For this (and future) tutorials, you’ll need to have IntelliJ, Git, Java, and Apache Spark installed. Follow my step by step guide for the installation walkthrough: Setting up IntelliJ, Git, Java, and Apache Spark

Now that you’re through the installations, the fun begins!

What is Apache Spark?

Beehive filled with worker bees and a queen bee — Photo by Damien TUPINIER on Unsplash

My brain works best with analogies. So hang tight. Think of a beehive. You have a single queen and hundreds or thousands of worker bees. They have very distinct roles. The queen is largely responsible for the ‘brains’ of the entire operation, conducting the orchestra of worker bees who are fulfilling the hundreds of tasks that need to be accomplished. The worker bees are the executors, putting in the work required to accomplish those tasks.

What do Bees have to do with Apache Spark?

Good question, they’ll come in handy soon. The formal definition of Apache Spark is that it is a general-purpose distributed data processing engine. It is also known as a cluster computing framework for large scale data processing. Let’s break that down.

Distributed Data: Spark is built to handle extremely large scale data. The sheer amount of data being loaded into the spark application is enough to overwhelm almost any computer. To handle that, Spark utilizes multiple computers (called a cluster) to process the tasks required for that job and work together to produce the desired output. This is where the bee analogy comes in. Let’s start with a diagram.

In this diagram, the queen bee is an analogy for the Spark Driver. The worker bees are an analogy for the spark executors.

Spark Driver: The Queen Bee of the operation. The Spark Driver is responsible for generating the Spark Context. The Spark Context is extremely important since it is the entryway into all of Spark’s functionality. Using the Cluster Resource Manager (typically YARN, Mesos, or Standalone), the Driver will access and divide work between the cluster of Spark Executors (worker nodes). The Spark Driver is where the main method is run, meaning that any written program will first interact with the driver before being sent in the form of tasks to the worker nodes.

Spark Executors: The worker bees. The executors are responsible for completing the tasks assigned to them by the driver with the help of the Cluster Resource Manager. As they perform the tasks instructed to them, they will store the results in memory, referred to as a cache. If any one of these nodes crashes, the task assigned to that executor will be reassigned to another node to complete the task. Every node can have up to one executor per core. Results are then returned to the Spark Driver upon completion.
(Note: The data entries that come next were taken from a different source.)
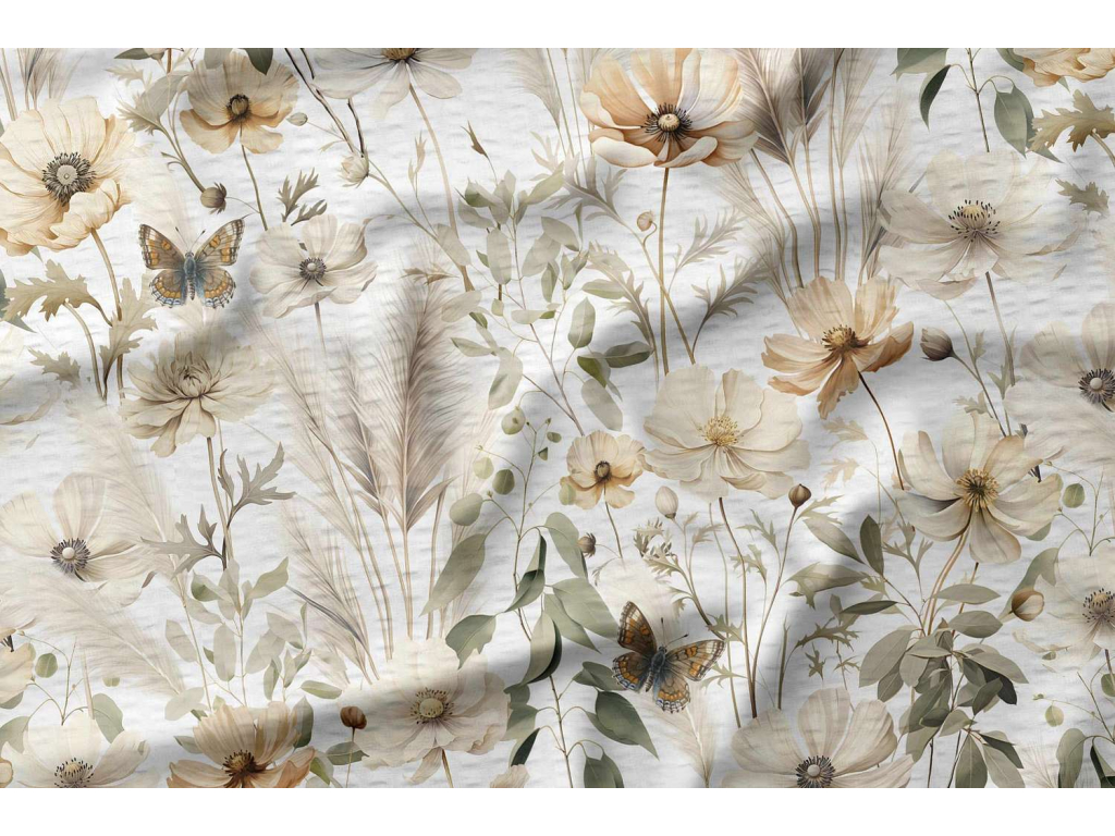 Zbytek perkálové krepové látky Květinová zahrada - bílá - 50x160 cm
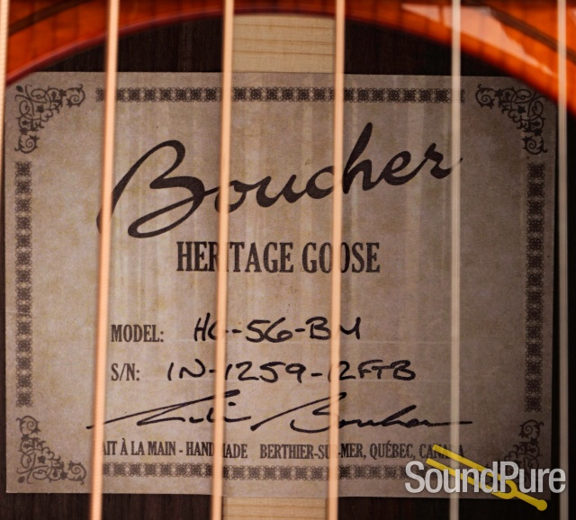 The Heritage Goose HG-56 is built using torrefied Adirondack spruce personally selected by Robin Boucher for both the bracing and the soundboard.
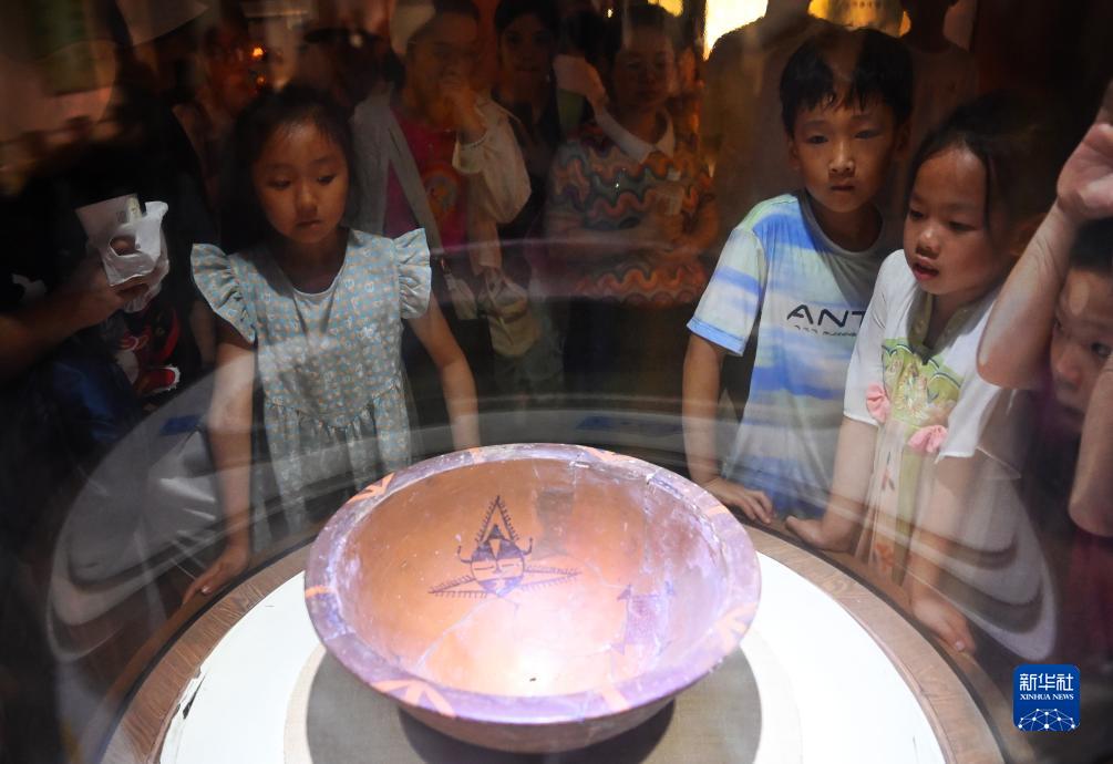 參觀者在西安半坡博物館裏觀看人面網紋彩陶盆(8月9日攝)。
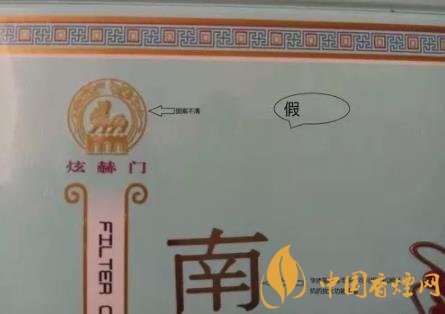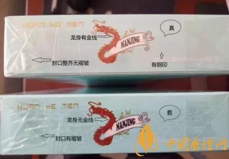 看條盒顏色,真煙為淡藍(lán)色,顏色柔和純正;假煙為淺藍(lán)色,視覺上顏色不是自然色??礂l盒圖標(biāo),真煙“南京”二字字體端正清晰,龍須印刷圖案無重疊,龍身金線為凸版,條盒金邊無毛刺;假煙“南京”二字字體向左微傾,龍須有疊痕錯(cuò)層,龍身顏色為褐紅色、金線為凹版,條盒金邊有毛刺。

We’ve made it through a lot. Let’s start to get a little bit more practical. Don’t worry, the hands-on piece is coming soon!

Key Concept: Spark DataFrames

One of the most important aspects of Spark that we’ll be diving into in this tutorial is the DataFrames API.

You can think of DataFrames as distributed spreadsheets with rows and columns. The spreadsheet is split across different nodes. Each node contains the schema of the DataFrame and some of the rows.

The schema in a DataFrame is a list describing column names and column types. Each schema can hold an arbitrary number of columns. Every row across every node will have exactly the same schema for the DataFrame. Spark uses a concept called partitioning to split the data into files to share with nodes in the cluster.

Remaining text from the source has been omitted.